*** Opening of Supplied information ***
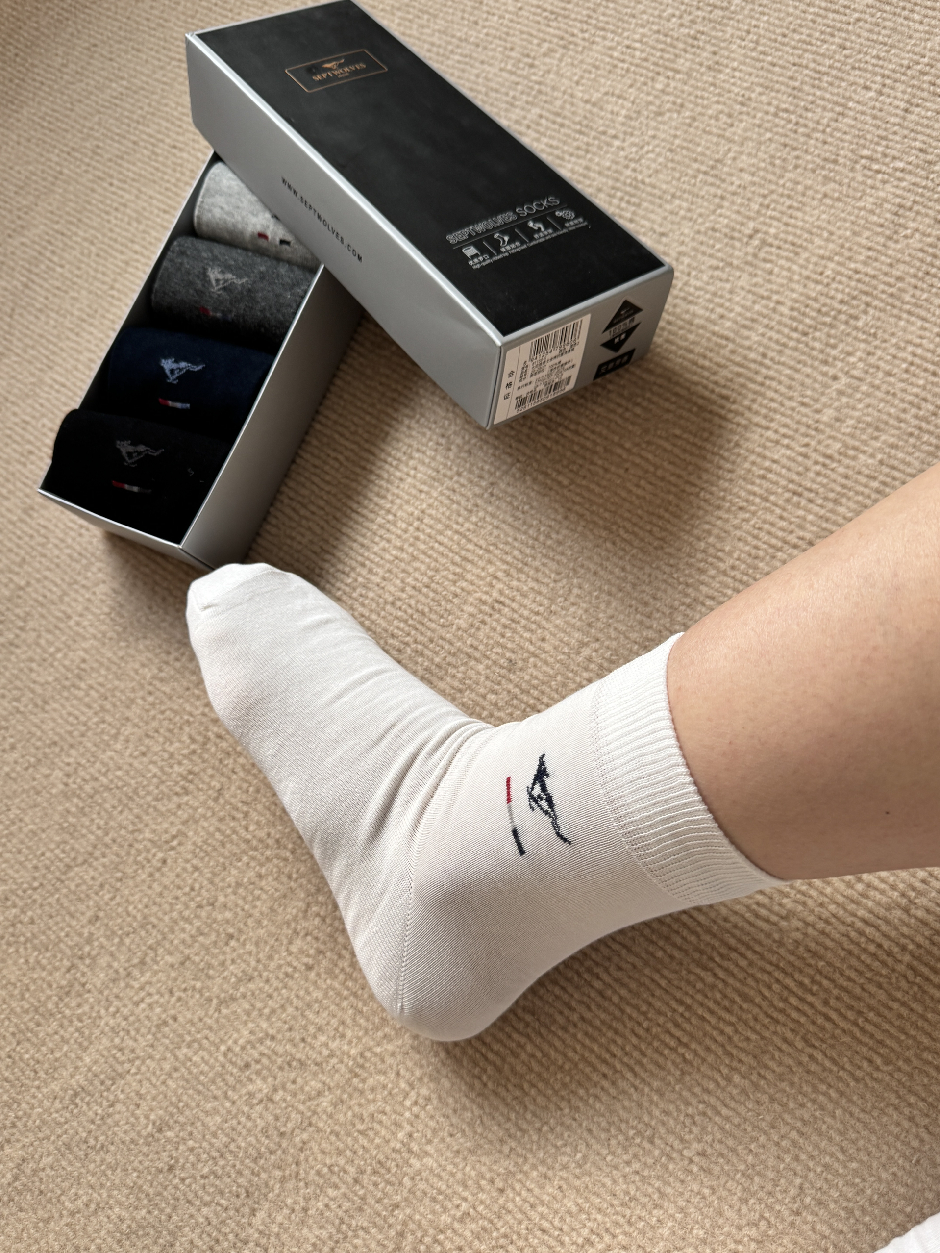 其实给男朋友挑礼物,还是有点难度的 这次我选择了一个做了很久的男装品牌 百分之百纯棉的料子✨ 上脚软乎乎的 而且这双袜子是挺透气的 不会说很厚重 刚好很适合初春🌱 而且这双袜子兼顾抗菌功能🔆 就更适合爱运动的男孩子了 最让我惊讶的是他这个礼盒包装 很有质感 送给男朋友也很有面子 总而言之 这是一份非常有实用性和新意的小礼物
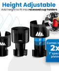 Offset the base from the expander to keep the adjacent cup holder open. This also allows two Ultimate Expanders to fit next to each other in most dual cup holder applications. Recessed or covered cup holders? No problem! We also include two spacers that can increase the height by 1" each. Between the height and offset adjustability there isn't a vehicle the Ultimate Expander will not work in.
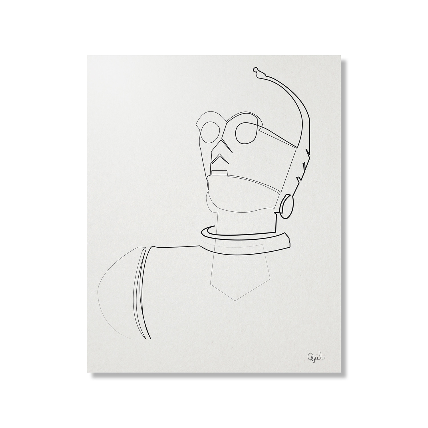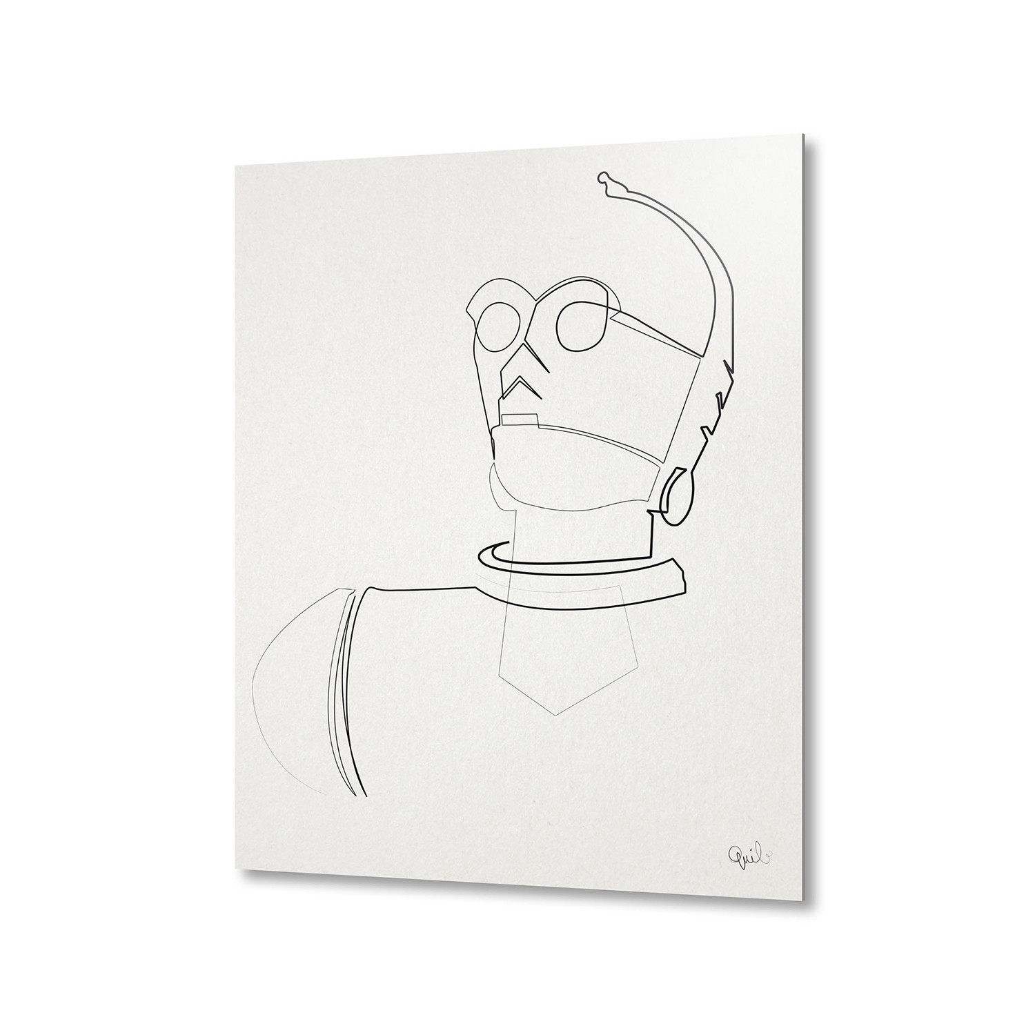 Star Wars is a classic series, but it did come out in the 1970's, and sometimes its merchandise can be a little colorful for those passionate about minimal modern design. If you like to keep things simple and inspired, but still love Star Wars, this is the unique aluminum print you've been waiting for. A signed sublimation print on an aluminum sheet, this piece is a nest-level print of C3PO, illustrated from one effortless-looking line.
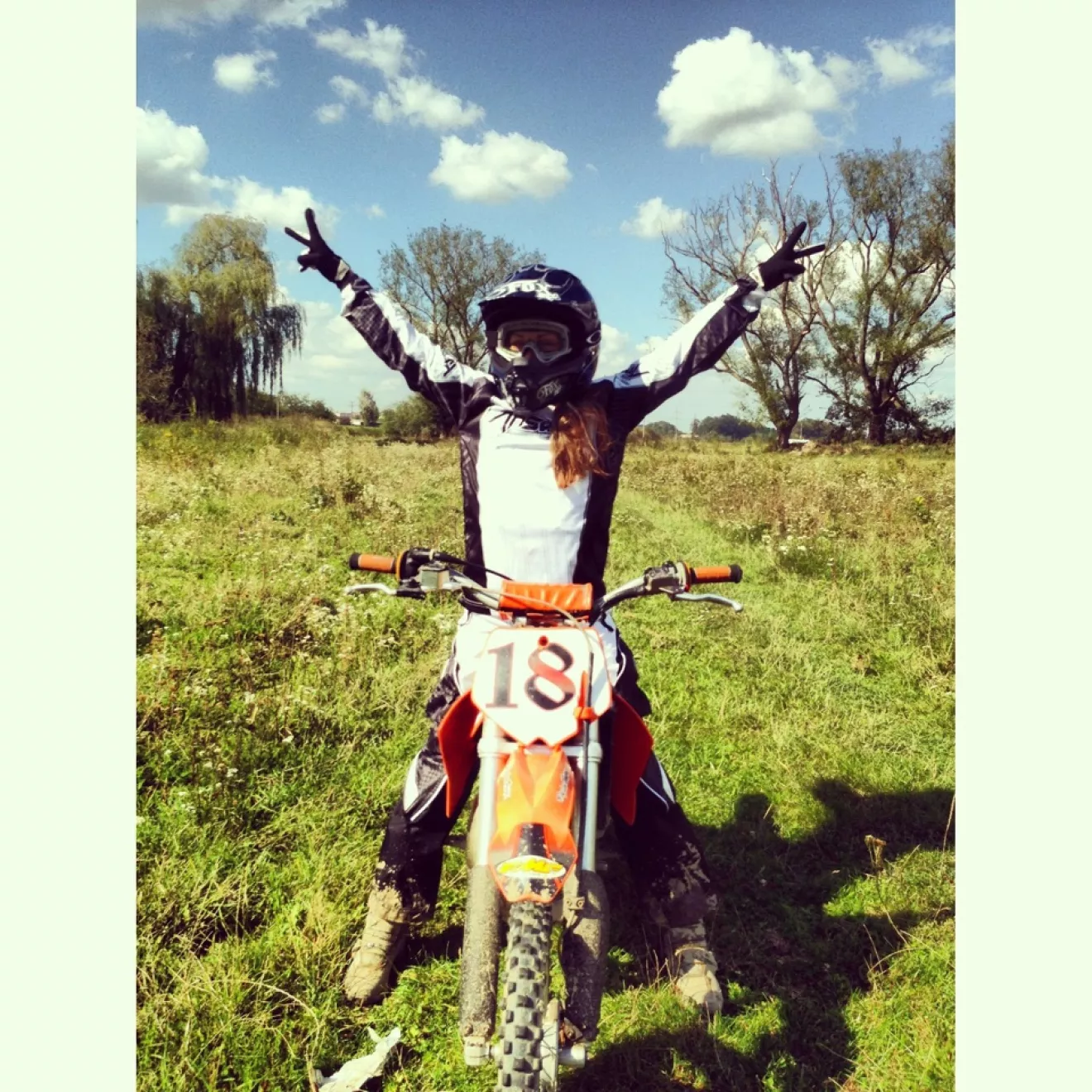 Когда я его приручила, ездить стало на нем не так страшно, как сначала, но на заднее колесо встает при любом резком открытии газа. Вчера поехали на грунтовую дорогу и поле, а не в горы или на мотокроссовую трассу, но адреналина получила не меньше.
*** Close of Supplied information ***
What this task involves.
Print the material above exactly, skipping its images.

Result of the exercise.
 其实给男朋友挑礼物,还是有点难度的 这次我选择了一个做了很久的男装品牌 百分之百纯棉的料子✨ 上脚软乎乎的 而且这双袜子是挺透气的 不会说很厚重 刚好很适合初春🌱 而且这双袜子兼顾抗菌功能🔆 就更适合爱运动的男孩子了 最让我惊讶的是他这个礼盒包装 很有质感 送给男朋友也很有面子 总而言之 这是一份非常有实用性和新意的小礼物
 Offset the base from the expander to keep the adjacent cup holder open. This also allows two Ultimate Expanders to fit next to each other in most dual cup holder applications. Recessed or covered cup holders? No problem! We also include two spacers that can increase the height by 1" each. Between the height and offset adjustability there isn't a vehicle the Ultimate Expander will not work in.
 Star Wars is a classic series, but it did come out in the 1970's, and sometimes its merchandise can be a little colorful for those passionate about minimal modern design. If you like to keep things simple and inspired, but still love Star Wars, this is the unique aluminum print you've been waiting for. A signed sublimation print on an aluminum sheet, this piece is a nest-level print of C3PO, illustrated from one effortless-looking line.
 Когда я его приручила, ездить стало на нем не так страшно, как сначала, но на заднее колесо встает при любом резком открытии газа. Вчера поехали на грунтовую дорогу и поле, а не в горы или на мотокроссовую трассу, но адреналина получила не меньше.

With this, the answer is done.